Exercise: Copy out every line of the material below, character for character, apart from the pictures.

Collected material:
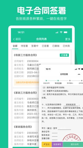 1、支持一键签约,企业可以直接在平台上与家政人员进行合同签署,简化了传统的签约流程。
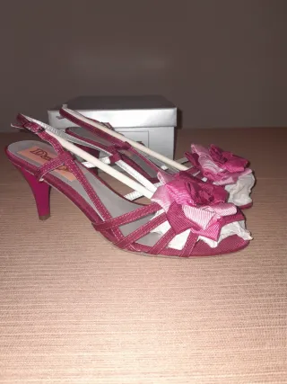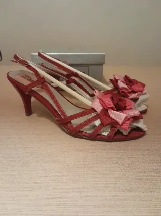 Sandalias de tacón con un diseño de tiras cruzadas y detalle de flor que favorece mucho la punta. Tacón cómodo de 7 cm. Preciosas y en perfectas condiciones, usadas solo una vez.
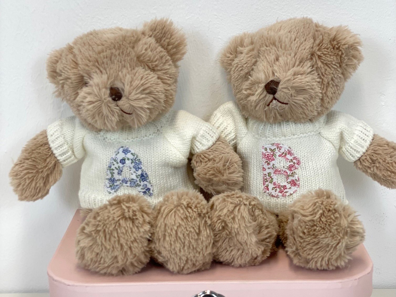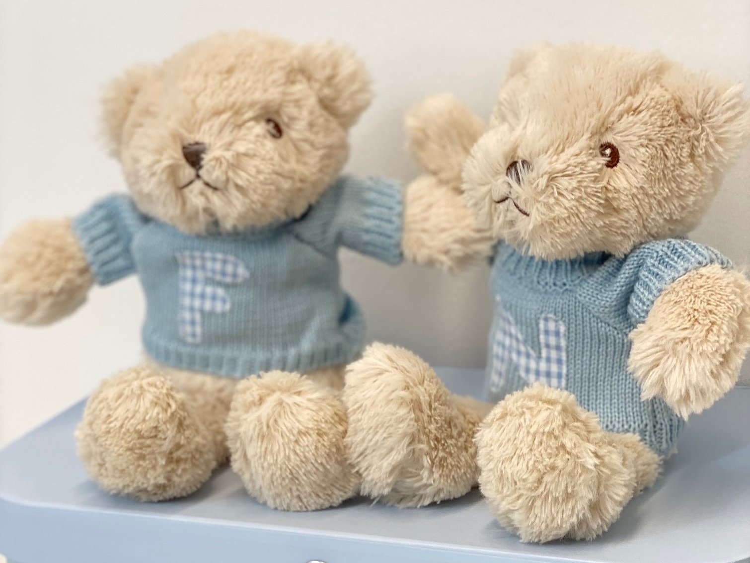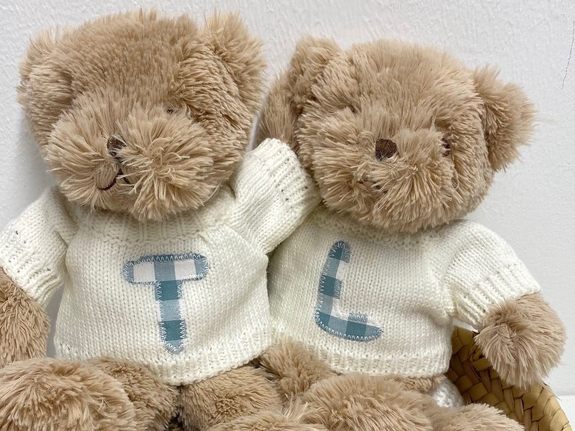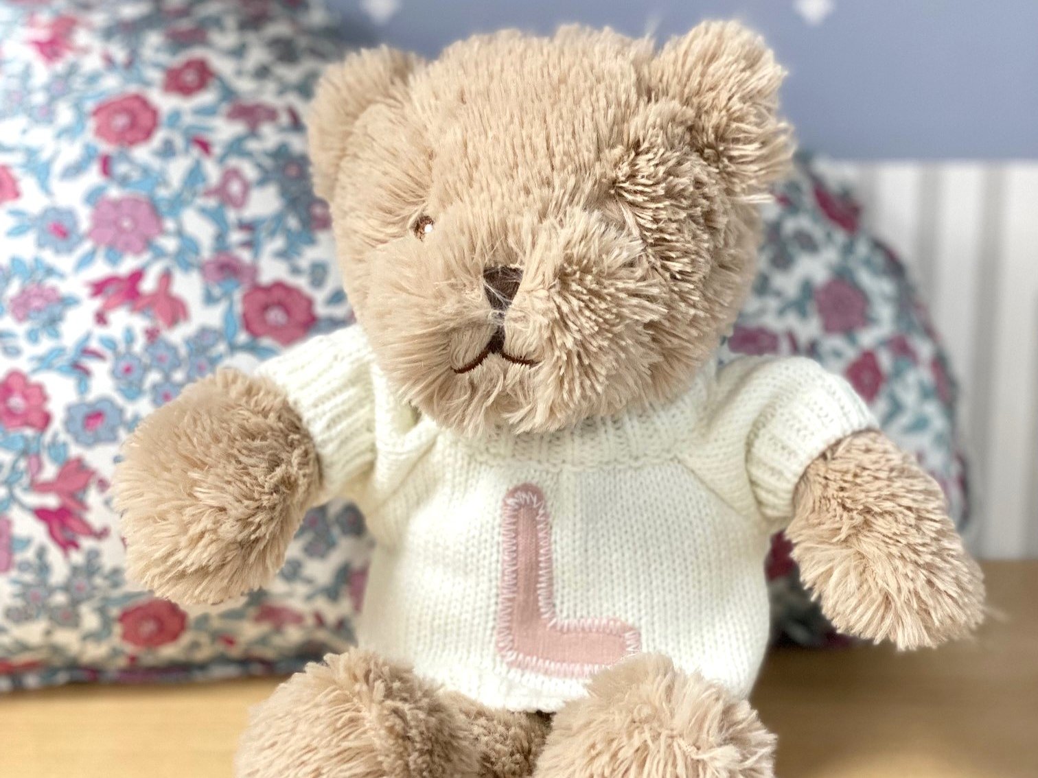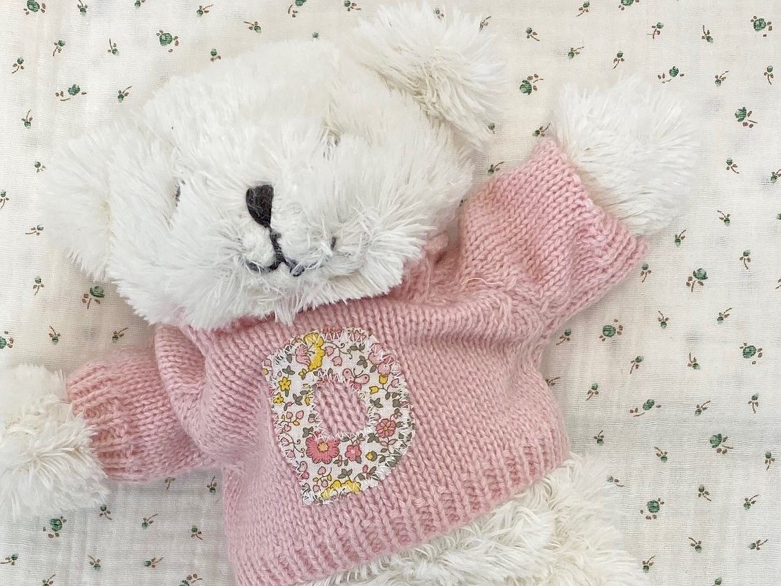 Osito con jersey personalizado con inicial tela. Se trata de un osito de peluche en color beige o en blanco muy suave.

Problem solution:
 1、支持一键签约,企业可以直接在平台上与家政人员进行合同签署,简化了传统的签约流程。
 Sandalias de tacón con un diseño de tiras cruzadas y detalle de flor que favorece mucho la punta. Tacón cómodo de 7 cm. Preciosas y en perfectas condiciones, usadas solo una vez.
 Osito con jersey personalizado con inicial tela. Se trata de un osito de peluche en color beige o en blanco muy suave.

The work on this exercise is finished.